● **The problem**
Word for word, print all of the lines below.

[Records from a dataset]
• • • • • • •

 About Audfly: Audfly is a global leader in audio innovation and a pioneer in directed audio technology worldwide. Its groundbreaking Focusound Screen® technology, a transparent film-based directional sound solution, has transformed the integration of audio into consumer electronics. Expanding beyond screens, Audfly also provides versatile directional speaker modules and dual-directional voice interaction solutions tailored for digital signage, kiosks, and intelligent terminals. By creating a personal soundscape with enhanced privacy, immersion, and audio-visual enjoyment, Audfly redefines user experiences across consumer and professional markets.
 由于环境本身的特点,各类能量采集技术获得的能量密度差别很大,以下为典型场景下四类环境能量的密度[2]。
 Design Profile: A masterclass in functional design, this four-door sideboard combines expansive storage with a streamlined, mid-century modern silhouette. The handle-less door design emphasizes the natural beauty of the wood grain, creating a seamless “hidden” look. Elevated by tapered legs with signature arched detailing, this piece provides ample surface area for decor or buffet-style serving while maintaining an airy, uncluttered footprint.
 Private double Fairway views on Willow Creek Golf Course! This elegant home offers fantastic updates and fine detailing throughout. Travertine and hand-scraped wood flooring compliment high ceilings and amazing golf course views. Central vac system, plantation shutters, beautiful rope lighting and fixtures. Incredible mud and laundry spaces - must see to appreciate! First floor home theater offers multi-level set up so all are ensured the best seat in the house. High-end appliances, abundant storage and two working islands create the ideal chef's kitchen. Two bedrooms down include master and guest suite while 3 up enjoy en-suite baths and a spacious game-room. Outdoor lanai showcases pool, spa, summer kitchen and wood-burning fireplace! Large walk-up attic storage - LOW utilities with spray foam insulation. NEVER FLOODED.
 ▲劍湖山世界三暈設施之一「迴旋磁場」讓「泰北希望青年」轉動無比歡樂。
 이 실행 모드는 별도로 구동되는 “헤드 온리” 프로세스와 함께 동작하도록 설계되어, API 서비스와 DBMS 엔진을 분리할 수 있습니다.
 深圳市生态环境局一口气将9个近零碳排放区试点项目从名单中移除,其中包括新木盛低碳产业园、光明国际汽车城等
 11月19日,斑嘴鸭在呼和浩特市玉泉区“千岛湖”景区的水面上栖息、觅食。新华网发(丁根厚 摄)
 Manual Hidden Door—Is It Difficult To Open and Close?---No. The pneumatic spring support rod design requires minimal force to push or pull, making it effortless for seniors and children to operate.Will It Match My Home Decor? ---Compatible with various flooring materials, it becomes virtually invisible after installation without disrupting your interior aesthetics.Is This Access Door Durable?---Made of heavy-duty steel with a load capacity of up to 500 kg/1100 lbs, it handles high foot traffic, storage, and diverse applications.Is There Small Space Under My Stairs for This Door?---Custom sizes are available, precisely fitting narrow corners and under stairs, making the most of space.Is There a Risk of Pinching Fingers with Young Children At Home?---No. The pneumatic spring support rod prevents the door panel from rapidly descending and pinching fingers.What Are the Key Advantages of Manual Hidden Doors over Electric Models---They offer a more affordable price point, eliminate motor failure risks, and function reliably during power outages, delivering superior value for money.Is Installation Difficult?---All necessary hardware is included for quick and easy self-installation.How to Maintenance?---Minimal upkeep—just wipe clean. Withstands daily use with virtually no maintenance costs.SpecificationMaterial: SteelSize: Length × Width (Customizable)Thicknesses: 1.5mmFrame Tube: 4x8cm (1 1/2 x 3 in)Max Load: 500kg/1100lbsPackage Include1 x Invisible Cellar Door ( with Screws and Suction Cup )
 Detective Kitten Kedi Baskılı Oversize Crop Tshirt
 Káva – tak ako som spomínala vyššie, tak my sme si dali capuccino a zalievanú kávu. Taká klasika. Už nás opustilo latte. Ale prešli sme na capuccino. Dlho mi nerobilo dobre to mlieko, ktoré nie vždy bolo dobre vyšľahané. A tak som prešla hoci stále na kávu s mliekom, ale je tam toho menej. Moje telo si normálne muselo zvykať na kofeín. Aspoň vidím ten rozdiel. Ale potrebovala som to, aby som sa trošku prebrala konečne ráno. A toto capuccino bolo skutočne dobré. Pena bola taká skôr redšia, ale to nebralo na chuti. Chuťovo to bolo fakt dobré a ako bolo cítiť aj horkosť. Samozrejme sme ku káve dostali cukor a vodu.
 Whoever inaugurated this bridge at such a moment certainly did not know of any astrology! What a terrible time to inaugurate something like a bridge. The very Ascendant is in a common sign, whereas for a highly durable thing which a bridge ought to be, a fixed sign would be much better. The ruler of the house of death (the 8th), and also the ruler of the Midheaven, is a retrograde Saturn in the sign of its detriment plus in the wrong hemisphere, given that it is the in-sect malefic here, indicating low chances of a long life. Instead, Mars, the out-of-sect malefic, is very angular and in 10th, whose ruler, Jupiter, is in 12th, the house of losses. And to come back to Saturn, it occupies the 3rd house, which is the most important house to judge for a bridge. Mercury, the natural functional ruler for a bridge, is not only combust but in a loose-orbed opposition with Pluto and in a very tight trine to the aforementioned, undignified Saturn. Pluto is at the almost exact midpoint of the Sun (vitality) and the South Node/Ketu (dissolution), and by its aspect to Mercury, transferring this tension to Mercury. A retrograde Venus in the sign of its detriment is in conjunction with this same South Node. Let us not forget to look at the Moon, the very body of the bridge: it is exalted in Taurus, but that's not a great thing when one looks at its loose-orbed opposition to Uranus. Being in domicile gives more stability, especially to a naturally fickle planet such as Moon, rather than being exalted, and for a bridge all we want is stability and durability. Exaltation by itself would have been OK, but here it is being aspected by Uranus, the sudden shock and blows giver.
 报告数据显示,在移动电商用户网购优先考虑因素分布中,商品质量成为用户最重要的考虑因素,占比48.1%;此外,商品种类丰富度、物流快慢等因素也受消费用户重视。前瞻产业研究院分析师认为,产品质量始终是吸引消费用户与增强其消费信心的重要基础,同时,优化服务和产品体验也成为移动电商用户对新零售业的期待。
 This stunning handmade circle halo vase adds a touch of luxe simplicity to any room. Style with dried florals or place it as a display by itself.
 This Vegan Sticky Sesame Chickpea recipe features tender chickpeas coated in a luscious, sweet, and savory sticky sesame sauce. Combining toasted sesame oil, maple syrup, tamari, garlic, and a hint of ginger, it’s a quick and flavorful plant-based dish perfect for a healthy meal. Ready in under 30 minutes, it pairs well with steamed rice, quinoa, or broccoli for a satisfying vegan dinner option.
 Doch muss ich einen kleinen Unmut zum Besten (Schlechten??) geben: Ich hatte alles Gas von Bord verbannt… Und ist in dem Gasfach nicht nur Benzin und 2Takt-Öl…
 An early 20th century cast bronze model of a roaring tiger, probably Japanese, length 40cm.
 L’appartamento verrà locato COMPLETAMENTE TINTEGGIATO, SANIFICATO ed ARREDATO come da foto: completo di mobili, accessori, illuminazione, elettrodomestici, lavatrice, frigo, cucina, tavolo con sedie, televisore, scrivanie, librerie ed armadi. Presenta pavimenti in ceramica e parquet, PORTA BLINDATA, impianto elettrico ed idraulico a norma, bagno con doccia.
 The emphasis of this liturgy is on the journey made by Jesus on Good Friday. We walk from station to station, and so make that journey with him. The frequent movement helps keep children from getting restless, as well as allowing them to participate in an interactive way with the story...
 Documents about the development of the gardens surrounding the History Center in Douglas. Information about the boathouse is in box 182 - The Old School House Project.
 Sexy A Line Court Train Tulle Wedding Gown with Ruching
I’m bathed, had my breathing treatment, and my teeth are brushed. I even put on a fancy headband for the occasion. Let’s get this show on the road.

• • • • • • •

● **Solved problem**
 About Audfly: Audfly is a global leader in audio innovation and a pioneer in directed audio technology worldwide. Its groundbreaking Focusound Screen® technology, a transparent film-based directional sound solution, has transformed the integration of audio into consumer electronics. Expanding beyond screens, Audfly also provides versatile directional speaker modules and dual-directional voice interaction solutions tailored for digital signage, kiosks, and intelligent terminals. By creating a personal soundscape with enhanced privacy, immersion, and audio-visual enjoyment, Audfly redefines user experiences across consumer and professional markets.
 由于环境本身的特点,各类能量采集技术获得的能量密度差别很大,以下为典型场景下四类环境能量的密度[2]。
 Design Profile: A masterclass in functional design, this four-door sideboard combines expansive storage with a streamlined, mid-century modern silhouette. The handle-less door design emphasizes the natural beauty of the wood grain, creating a seamless “hidden” look. Elevated by tapered legs with signature arched detailing, this piece provides ample surface area for decor or buffet-style serving while maintaining an airy, uncluttered footprint.
 Private double Fairway views on Willow Creek Golf Course! This elegant home offers fantastic updates and fine detailing throughout. Travertine and hand-scraped wood flooring compliment high ceilings and amazing golf course views. Central vac system, plantation shutters, beautiful rope lighting and fixtures. Incredible mud and laundry spaces - must see to appreciate! First floor home theater offers multi-level set up so all are ensured the best seat in the house. High-end appliances, abundant storage and two working islands create the ideal chef's kitchen. Two bedrooms down include master and guest suite while 3 up enjoy en-suite baths and a spacious game-room. Outdoor lanai showcases pool, spa, summer kitchen and wood-burning fireplace! Large walk-up attic storage - LOW utilities with spray foam insulation. NEVER FLOODED.
 ▲劍湖山世界三暈設施之一「迴旋磁場」讓「泰北希望青年」轉動無比歡樂。
 이 실행 모드는 별도로 구동되는 “헤드 온리” 프로세스와 함께 동작하도록 설계되어, API 서비스와 DBMS 엔진을 분리할 수 있습니다.
 深圳市生态环境局一口气将9个近零碳排放区试点项目从名单中移除,其中包括新木盛低碳产业园、光明国际汽车城等
 11月19日,斑嘴鸭在呼和浩特市玉泉区“千岛湖”景区的水面上栖息、觅食。新华网发(丁根厚 摄)
 Manual Hidden Door—Is It Difficult To Open and Close?---No. The pneumatic spring support rod design requires minimal force to push or pull, making it effortless for seniors and children to operate.Will It Match My Home Decor? ---Compatible with various flooring materials, it becomes virtually invisible after installation without disrupting your interior aesthetics.Is This Access Door Durable?---Made of heavy-duty steel with a load capacity of up to 500 kg/1100 lbs, it handles high foot traffic, storage, and diverse applications.Is There Small Space Under My Stairs for This Door?---Custom sizes are available, precisely fitting narrow corners and under stairs, making the most of space.Is There a Risk of Pinching Fingers with Young Children At Home?---No. The pneumatic spring support rod prevents the door panel from rapidly descending and pinching fingers.What Are the Key Advantages of Manual Hidden Doors over Electric Models---They offer a more affordable price point, eliminate motor failure risks, and function reliably during power outages, delivering superior value for money.Is Installation Difficult?---All necessary hardware is included for quick and easy self-installation.How to Maintenance?---Minimal upkeep—just wipe clean. Withstands daily use with virtually no maintenance costs.SpecificationMaterial: SteelSize: Length × Width (Customizable)Thicknesses: 1.5mmFrame Tube: 4x8cm (1 1/2 x 3 in)Max Load: 500kg/1100lbsPackage Include1 x Invisible Cellar Door ( with Screws and Suction Cup )
 Detective Kitten Kedi Baskılı Oversize Crop Tshirt
 Káva – tak ako som spomínala vyššie, tak my sme si dali capuccino a zalievanú kávu. Taká klasika. Už nás opustilo latte. Ale prešli sme na capuccino. Dlho mi nerobilo dobre to mlieko, ktoré nie vždy bolo dobre vyšľahané. A tak som prešla hoci stále na kávu s mliekom, ale je tam toho menej. Moje telo si normálne muselo zvykať na kofeín. Aspoň vidím ten rozdiel. Ale potrebovala som to, aby som sa trošku prebrala konečne ráno. A toto capuccino bolo skutočne dobré. Pena bola taká skôr redšia, ale to nebralo na chuti. Chuťovo to bolo fakt dobré a ako bolo cítiť aj horkosť. Samozrejme sme ku káve dostali cukor a vodu.
 Whoever inaugurated this bridge at such a moment certainly did not know of any astrology! What a terrible time to inaugurate something like a bridge. The very Ascendant is in a common sign, whereas for a highly durable thing which a bridge ought to be, a fixed sign would be much better. The ruler of the house of death (the 8th), and also the ruler of the Midheaven, is a retrograde Saturn in the sign of its detriment plus in the wrong hemisphere, given that it is the in-sect malefic here, indicating low chances of a long life. Instead, Mars, the out-of-sect malefic, is very angular and in 10th, whose ruler, Jupiter, is in 12th, the house of losses. And to come back to Saturn, it occupies the 3rd house, which is the most important house to judge for a bridge. Mercury, the natural functional ruler for a bridge, is not only combust but in a loose-orbed opposition with Pluto and in a very tight trine to the aforementioned, undignified Saturn. Pluto is at the almost exact midpoint of the Sun (vitality) and the South Node/Ketu (dissolution), and by its aspect to Mercury, transferring this tension to Mercury. A retrograde Venus in the sign of its detriment is in conjunction with this same South Node. Let us not forget to look at the Moon, the very body of the bridge: it is exalted in Taurus, but that's not a great thing when one looks at its loose-orbed opposition to Uranus. Being in domicile gives more stability, especially to a naturally fickle planet such as Moon, rather than being exalted, and for a bridge all we want is stability and durability. Exaltation by itself would have been OK, but here it is being aspected by Uranus, the sudden shock and blows giver.
 报告数据显示,在移动电商用户网购优先考虑因素分布中,商品质量成为用户最重要的考虑因素,占比48.1%;此外,商品种类丰富度、物流快慢等因素也受消费用户重视。前瞻产业研究院分析师认为,产品质量始终是吸引消费用户与增强其消费信心的重要基础,同时,优化服务和产品体验也成为移动电商用户对新零售业的期待。
 This stunning handmade circle halo vase adds a touch of luxe simplicity to any room. Style with dried florals or place it as a display by itself.
 This Vegan Sticky Sesame Chickpea recipe features tender chickpeas coated in a luscious, sweet, and savory sticky sesame sauce. Combining toasted sesame oil, maple syrup, tamari, garlic, and a hint of ginger, it’s a quick and flavorful plant-based dish perfect for a healthy meal. Ready in under 30 minutes, it pairs well with steamed rice, quinoa, or broccoli for a satisfying vegan dinner option.
 Doch muss ich einen kleinen Unmut zum Besten (Schlechten??) geben: Ich hatte alles Gas von Bord verbannt… Und ist in dem Gasfach nicht nur Benzin und 2Takt-Öl…
 An early 20th century cast bronze model of a roaring tiger, probably Japanese, length 40cm.
 L’appartamento verrà locato COMPLETAMENTE TINTEGGIATO, SANIFICATO ed ARREDATO come da foto: completo di mobili, accessori, illuminazione, elettrodomestici, lavatrice, frigo, cucina, tavolo con sedie, televisore, scrivanie, librerie ed armadi. Presenta pavimenti in ceramica e parquet, PORTA BLINDATA, impianto elettrico ed idraulico a norma, bagno con doccia.
 The emphasis of this liturgy is on the journey made by Jesus on Good Friday. We walk from station to station, and so make that journey with him. The frequent movement helps keep children from getting restless, as well as allowing them to participate in an interactive way with the story...
 Documents about the development of the gardens surrounding the History Center in Douglas. Information about the boathouse is in box 182 - The Old School House Project.
 Sexy A Line Court Train Tulle Wedding Gown with Ruching
I’m bathed, had my breathing treatment, and my teeth are brushed. I even put on a fancy headband for the occasion. Let’s get this show on the road.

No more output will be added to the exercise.